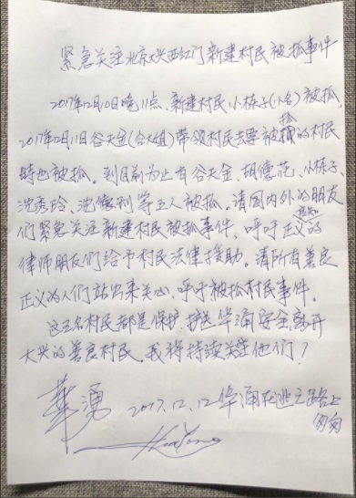 Posted: 17 Dec 2017 07:43 PM PST 维权网: 如果揭示真相的华涌有罪,我们愿与他同罪! 人权艺术家华涌因深入北京大兴区实地拍摄、记录当局清除“低端人口”的残暴画面并公开传出,遭到警方追捕。12月15日夜晚10点半左右,华涌被北京警察跨省于天津一李姓朋友家中抓走。 危急关头华涌在被捕前为女儿唱生日快乐歌! 他在视频中告诉女儿:“爸爸这样做是为了你们这一代人,不要再经历爸爸和爷爷经历过的事情,爸爸想要我们国家好起来,应该公正、公平、自由、民主、言论自由,我们人人都敢在大庭广众下、阳光灿烂下大声说真话,这是我为这个国家做的贡献。我愿用我的肉身、用我的躯体,去捍卫一个公民说真话的权利,一个公民做人的权利。女儿,爸爸爱你!爸爸爱你!生日快乐!” 他呼吁:“中国人该站起来了” 他认为:为了孩子,为了做人的权利,为了说真话,遇见什么都是值得的! 今天早上,当我在网上看到多日来一直传说人权艺术家华涌因拍摄报道北京政府违背民意,公然采用极端暴力(公寓断水断电,使用棍棒打砸民房、店铺窗户,驱赶百姓于冰天雪地中等)强制驱赶所谓低端人口真相,旨在揭露侵犯公民生存、健康、自由选择劳作栖息的权利,而遭遇官方追捕。 然而由于近日北京驱赶低端人口的行动好像半途夭折。如果是由于北京官方处于舆论的压力,民众本能的抵抗,认识到自己的政策确实违法损害了百姓的基本人权,并进行了及时纠错,停止暴行。如果并非不得已而为之,那么,第一个站出来勇于播报真相警示官方的华涌,理应受到官方的表彰,而非反其道而行之,施行秋后算账,抓捕打压说真话的华涌! 华涌被抓,我泪流不止!我流泪并非我担心华勇后续的遭遇,因为这是在魔鬼世界里说真话就必须付出的代价!这是华涌自己的选择,是他自己该承受的,是他为我们、为我们的子孙后代自愿承受的! 我流泪,是因为我要告别一个小市民的幻想,更坚定地誓死践行中国人权观察不回头!我自愿听从华涌的呼召:“中国人该站起来了”! 揭示真相无罪!华涌无罪!如政府判华涌有罪,我们愿与他同罪! 2017年12月16日 起誓人: 中国独立人权观察员徐秦13331102551 上海公民徐佩玲18121439381 |
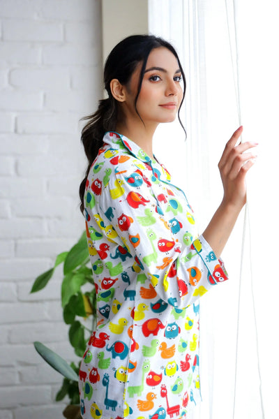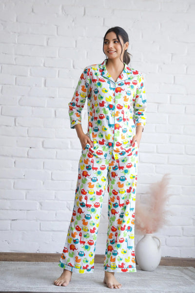 One unique aspect of this night suit is its fun print. Bright and cheerful, it adds a pop of color to your nighttime routine. Whether you're hosting a sleepover or enjoying a quiet evening, this set is a delightful choice.
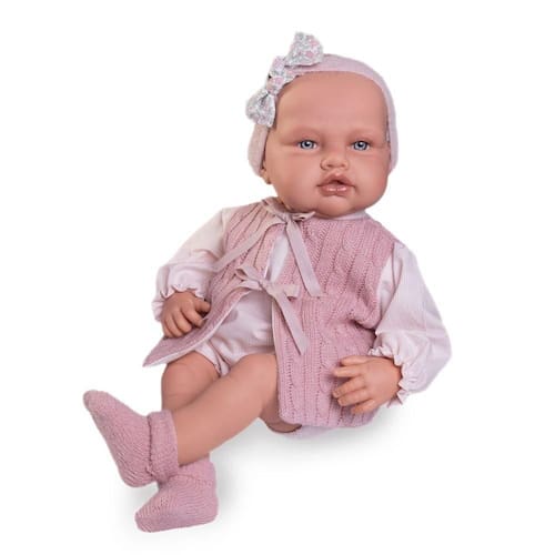 A boneca acompanha tiara, laço de cabelo, blusa de tricô, suéter, shortinho, calça, meias, chupeta com corrente e uma almofada de amamentação/estampada.
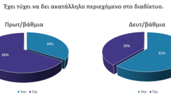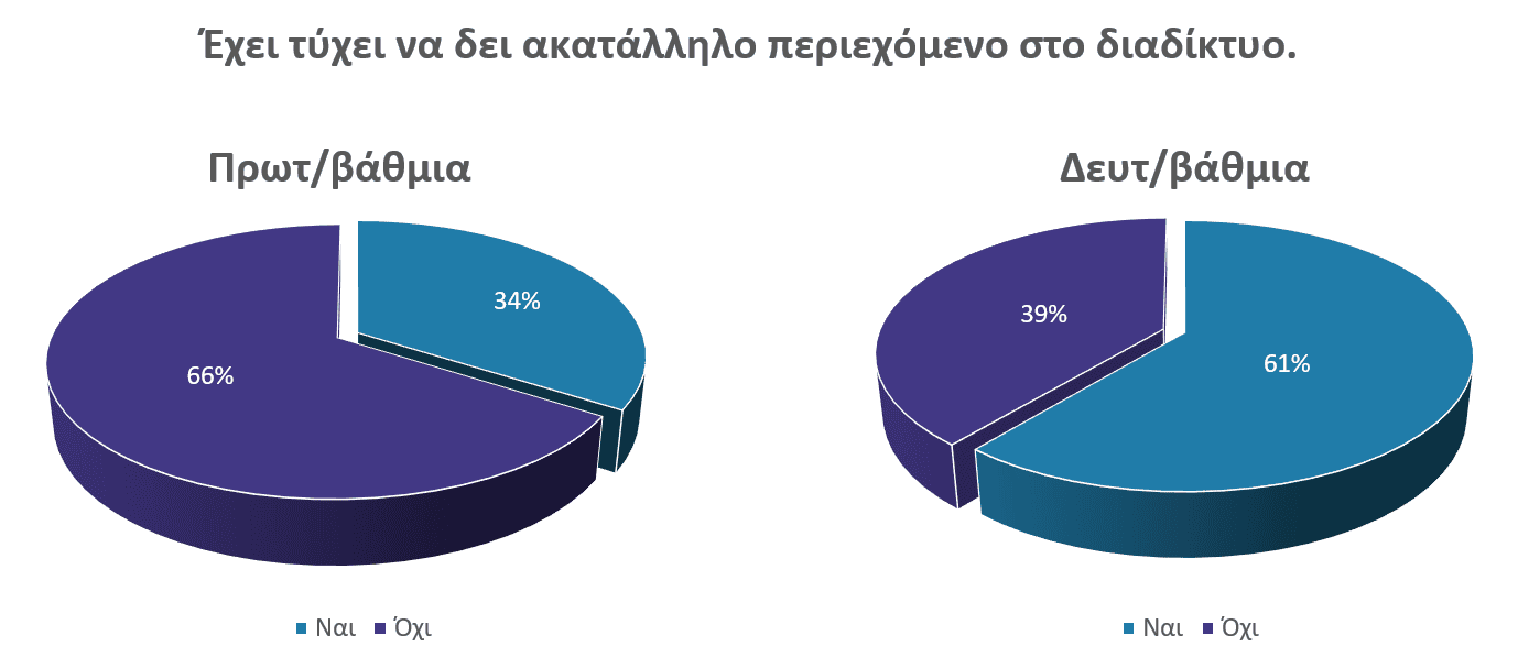 Το 34% των παιδιών Δημοτικού και το 61% των παιδιών Γυμνασίου/Λυκείου δήλωσε ότι έχει δει βλαβερό ή ακατάλληλο περιεχόμενο, και στην πλειονότητα των περιπτώσεων (πάνω από 60%) αυτό προέκυψε τυχαία.
▬▬▬▬▬▬▬▬▬▬
Aim of the exercise ::
Copy exactly the lines that run from the line containing "A boneca acompanha" to the end of the data, keeping both end lines and dropping every picture.

Exercise output ::
 A boneca acompanha tiara, laço de cabelo, blusa de tricô, suéter, shortinho, calça, meias, chupeta com corrente e uma almofada de amamentação/estampada.
 Το 34% των παιδιών Δημοτικού και το 61% των παιδιών Γυμνασίου/Λυκείου δήλωσε ότι έχει δει βλαβερό ή ακατάλληλο περιεχόμενο, και στην πλειονότητα των περιπτώσεων (πάνω από 60%) αυτό προέκυψε τυχαία.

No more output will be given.